Materials provided>

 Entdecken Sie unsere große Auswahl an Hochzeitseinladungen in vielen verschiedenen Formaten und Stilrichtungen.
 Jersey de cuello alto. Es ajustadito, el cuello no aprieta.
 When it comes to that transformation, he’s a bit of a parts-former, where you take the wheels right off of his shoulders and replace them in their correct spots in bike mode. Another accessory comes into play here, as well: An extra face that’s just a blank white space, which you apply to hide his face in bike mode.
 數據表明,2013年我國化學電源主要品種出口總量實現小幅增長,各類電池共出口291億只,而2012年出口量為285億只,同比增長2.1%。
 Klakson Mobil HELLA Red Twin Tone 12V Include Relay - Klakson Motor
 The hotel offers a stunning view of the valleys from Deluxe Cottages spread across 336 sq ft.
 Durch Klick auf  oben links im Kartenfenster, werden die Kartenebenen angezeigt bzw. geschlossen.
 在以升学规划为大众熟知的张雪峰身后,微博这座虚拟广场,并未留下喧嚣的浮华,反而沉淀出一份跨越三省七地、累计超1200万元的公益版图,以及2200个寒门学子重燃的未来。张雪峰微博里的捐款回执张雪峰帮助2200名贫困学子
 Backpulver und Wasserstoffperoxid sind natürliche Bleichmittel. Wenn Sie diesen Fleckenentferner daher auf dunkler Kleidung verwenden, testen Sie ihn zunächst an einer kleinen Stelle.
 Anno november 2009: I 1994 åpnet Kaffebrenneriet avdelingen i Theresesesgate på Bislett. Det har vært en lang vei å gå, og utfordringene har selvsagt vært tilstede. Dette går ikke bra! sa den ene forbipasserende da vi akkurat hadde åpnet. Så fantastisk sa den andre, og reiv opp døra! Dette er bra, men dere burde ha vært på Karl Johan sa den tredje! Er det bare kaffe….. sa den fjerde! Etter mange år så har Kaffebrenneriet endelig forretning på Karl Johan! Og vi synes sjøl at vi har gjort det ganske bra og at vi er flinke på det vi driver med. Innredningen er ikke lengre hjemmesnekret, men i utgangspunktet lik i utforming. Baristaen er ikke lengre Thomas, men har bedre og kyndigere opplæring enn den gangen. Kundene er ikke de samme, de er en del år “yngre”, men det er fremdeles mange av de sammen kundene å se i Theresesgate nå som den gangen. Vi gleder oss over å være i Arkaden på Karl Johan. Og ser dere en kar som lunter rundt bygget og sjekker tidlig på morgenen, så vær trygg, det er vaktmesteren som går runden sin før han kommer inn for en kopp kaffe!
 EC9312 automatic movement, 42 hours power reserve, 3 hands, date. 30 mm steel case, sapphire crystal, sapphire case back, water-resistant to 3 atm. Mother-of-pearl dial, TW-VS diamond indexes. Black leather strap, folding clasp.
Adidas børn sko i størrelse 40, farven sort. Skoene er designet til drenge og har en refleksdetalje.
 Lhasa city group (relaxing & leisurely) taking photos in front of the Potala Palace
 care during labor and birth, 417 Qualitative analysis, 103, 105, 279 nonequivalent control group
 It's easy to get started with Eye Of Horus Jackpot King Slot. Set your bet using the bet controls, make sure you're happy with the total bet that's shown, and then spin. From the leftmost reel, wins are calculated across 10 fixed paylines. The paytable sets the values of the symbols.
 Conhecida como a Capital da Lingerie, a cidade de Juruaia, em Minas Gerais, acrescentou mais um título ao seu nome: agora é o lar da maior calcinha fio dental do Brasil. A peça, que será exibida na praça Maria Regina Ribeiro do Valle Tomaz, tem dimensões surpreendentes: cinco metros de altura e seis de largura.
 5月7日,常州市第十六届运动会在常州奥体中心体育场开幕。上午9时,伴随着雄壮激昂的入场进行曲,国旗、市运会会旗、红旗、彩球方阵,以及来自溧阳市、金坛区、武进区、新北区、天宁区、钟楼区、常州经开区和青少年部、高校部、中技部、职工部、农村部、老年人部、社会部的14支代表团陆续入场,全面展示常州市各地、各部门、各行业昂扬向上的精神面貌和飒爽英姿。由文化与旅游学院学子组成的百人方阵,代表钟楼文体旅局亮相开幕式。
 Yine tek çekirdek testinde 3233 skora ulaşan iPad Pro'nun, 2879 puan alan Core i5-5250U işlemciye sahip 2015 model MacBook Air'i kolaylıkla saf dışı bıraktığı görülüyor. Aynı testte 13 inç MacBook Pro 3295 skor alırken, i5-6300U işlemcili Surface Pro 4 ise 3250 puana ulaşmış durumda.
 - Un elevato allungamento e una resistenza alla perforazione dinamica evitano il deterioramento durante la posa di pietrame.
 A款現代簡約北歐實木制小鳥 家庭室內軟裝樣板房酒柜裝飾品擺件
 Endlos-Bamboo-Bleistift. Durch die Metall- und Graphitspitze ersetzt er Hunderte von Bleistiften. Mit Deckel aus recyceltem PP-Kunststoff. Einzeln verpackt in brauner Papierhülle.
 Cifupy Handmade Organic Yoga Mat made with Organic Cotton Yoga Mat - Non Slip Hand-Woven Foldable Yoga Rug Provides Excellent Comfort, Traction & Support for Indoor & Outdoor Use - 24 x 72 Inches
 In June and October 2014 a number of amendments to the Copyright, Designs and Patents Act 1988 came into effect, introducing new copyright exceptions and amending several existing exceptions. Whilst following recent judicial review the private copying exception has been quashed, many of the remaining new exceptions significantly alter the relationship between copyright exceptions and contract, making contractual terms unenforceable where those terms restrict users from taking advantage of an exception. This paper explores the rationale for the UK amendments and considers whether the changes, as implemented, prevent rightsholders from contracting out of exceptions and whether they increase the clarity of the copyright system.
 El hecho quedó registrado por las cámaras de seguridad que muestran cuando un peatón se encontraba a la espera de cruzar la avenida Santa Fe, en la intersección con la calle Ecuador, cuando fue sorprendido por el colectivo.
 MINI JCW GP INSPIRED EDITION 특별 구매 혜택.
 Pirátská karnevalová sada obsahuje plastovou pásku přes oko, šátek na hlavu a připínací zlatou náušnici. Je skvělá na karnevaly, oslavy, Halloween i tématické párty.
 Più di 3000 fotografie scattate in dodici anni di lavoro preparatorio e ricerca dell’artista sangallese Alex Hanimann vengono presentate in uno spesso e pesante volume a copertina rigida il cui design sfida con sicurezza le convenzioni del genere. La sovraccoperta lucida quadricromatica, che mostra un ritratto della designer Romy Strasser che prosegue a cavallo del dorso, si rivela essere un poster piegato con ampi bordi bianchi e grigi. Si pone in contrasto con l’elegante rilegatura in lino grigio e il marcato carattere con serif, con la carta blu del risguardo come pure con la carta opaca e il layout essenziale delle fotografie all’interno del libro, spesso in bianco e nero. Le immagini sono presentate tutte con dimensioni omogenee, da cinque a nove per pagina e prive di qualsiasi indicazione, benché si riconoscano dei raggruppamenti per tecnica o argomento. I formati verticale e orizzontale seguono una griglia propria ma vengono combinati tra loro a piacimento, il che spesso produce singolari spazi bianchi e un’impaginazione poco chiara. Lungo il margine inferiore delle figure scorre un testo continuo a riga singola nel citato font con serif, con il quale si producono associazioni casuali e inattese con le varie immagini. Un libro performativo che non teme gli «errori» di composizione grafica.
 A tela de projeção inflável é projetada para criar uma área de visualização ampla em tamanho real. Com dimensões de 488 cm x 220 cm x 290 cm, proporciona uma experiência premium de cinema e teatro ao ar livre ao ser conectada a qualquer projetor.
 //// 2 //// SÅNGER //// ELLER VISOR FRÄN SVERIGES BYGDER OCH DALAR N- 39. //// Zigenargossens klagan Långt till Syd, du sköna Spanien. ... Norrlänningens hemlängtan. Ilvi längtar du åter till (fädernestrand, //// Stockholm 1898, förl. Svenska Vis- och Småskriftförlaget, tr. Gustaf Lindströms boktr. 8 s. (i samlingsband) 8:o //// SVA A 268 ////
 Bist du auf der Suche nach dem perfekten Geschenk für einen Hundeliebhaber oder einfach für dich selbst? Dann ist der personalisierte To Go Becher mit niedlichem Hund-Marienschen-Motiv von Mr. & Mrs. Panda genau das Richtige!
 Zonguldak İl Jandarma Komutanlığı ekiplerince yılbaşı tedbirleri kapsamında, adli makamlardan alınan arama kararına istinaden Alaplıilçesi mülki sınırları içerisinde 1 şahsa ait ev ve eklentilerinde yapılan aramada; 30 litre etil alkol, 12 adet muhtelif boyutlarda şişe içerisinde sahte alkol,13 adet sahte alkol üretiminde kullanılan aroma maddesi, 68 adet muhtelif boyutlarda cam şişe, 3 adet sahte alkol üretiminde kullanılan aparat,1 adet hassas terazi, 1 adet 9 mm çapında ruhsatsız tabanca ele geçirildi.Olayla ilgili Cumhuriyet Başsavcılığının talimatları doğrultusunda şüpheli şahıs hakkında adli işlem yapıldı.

Your goal> Copy, from the data above, every line where the word "Durch" appears.

Written response>
 Durch Klick auf  oben links im Kartenfenster, werden die Kartenebenen angezeigt bzw. geschlossen.
 Endlos-Bamboo-Bleistift. Durch die Metall- und Graphitspitze ersetzt er Hunderte von Bleistiften. Mit Deckel aus recyceltem PP-Kunststoff. Einzeln verpackt in brauner Papierhülle.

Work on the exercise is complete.